Uniclust Downloads

The following gzipped tar files are available for download:

uniclust##_yyyy_mm.tar.gz

These archive contains the following files, with ## being the target sequence identity of the clustering and yyyy_mm the corresponding Uniprot release. It will be updated every two months.

uniclust##_yyyy_mm_seed.fasta:

Representative (=seed) sequences of every cluster in FASTA format.

uniclust##_yyyy_mm_consensus.fasta:

Consensus sequences of every cluster in FASTA format. The sequence header starts with the Uniclust cluster identifier uc##-yymm-<number>, the UniProt accession code of the representative sequence, the size of the cluster, the up to 5 best functional annotations from cluster members, and UniProt identifiers of all cluster members.

uniclust##_yyyy_mm_cluster_mapping.tsv:

Tab-separated list with two columns of UniProt accession codes, the first for the representative sequence of the cluster and the second for the member sequence.
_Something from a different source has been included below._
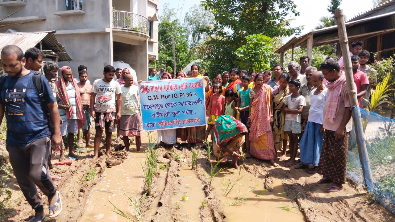 পাকা রাস্তার দাবী জানিয়ে বিক্ষোভ প্রদর্শন করলেন গ্রামবাসীর। পাশাপাশি ভোট বয়কটের হুঁশিয়ারি দেন গ্রামবাসীরা
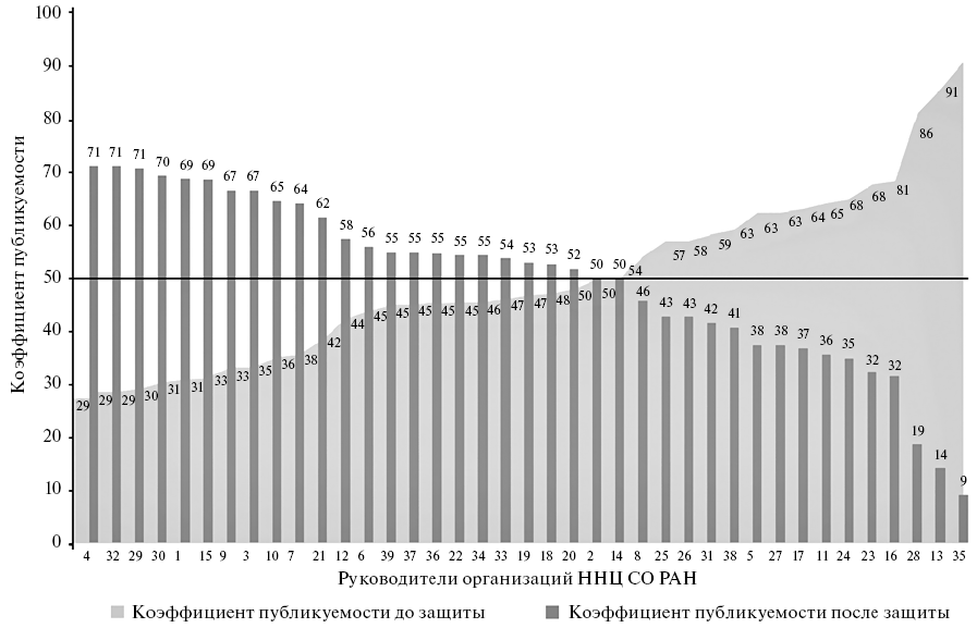 На рисунке 5 показаны коэффициенты пуб ликуемости до и после защиты диссертационных работ. Расчёт коэффициентов проводился по приведённой ранее формуле. У 15 руководителей число публикаций в течение 3 лет после защиты сократилось по сравнению с тремя годами до представления диссертации (включая год защиты), у 22 – увеличилось, у 2 учёных осталось прежним.

uniclust_yyyy_mm_annotation.tar.gz

archive containing three files with for Pfam, SCOP and PDB annotations, each formatted as tab-separated lists with nine columns: (1,2) identifiers for query and target, (3-5, 6-8) domain start and end-position and total sequence length for both UniProt and database sequence, (9) HHblits E-value.

uniboost##_yyyy_mm.tar.gz

Uniboost database files in compressed A3M alignment format, with additional support files for the HH-suite version 3.

uniclust30_yyyy_mm_hhsuite.tar.gz

Archive containing Uniclust multiple sequence alignments for all clusters in a3m format, generated with Clustal Omega, and additional support files for use with legacy HH-suite version 2 and current version 3.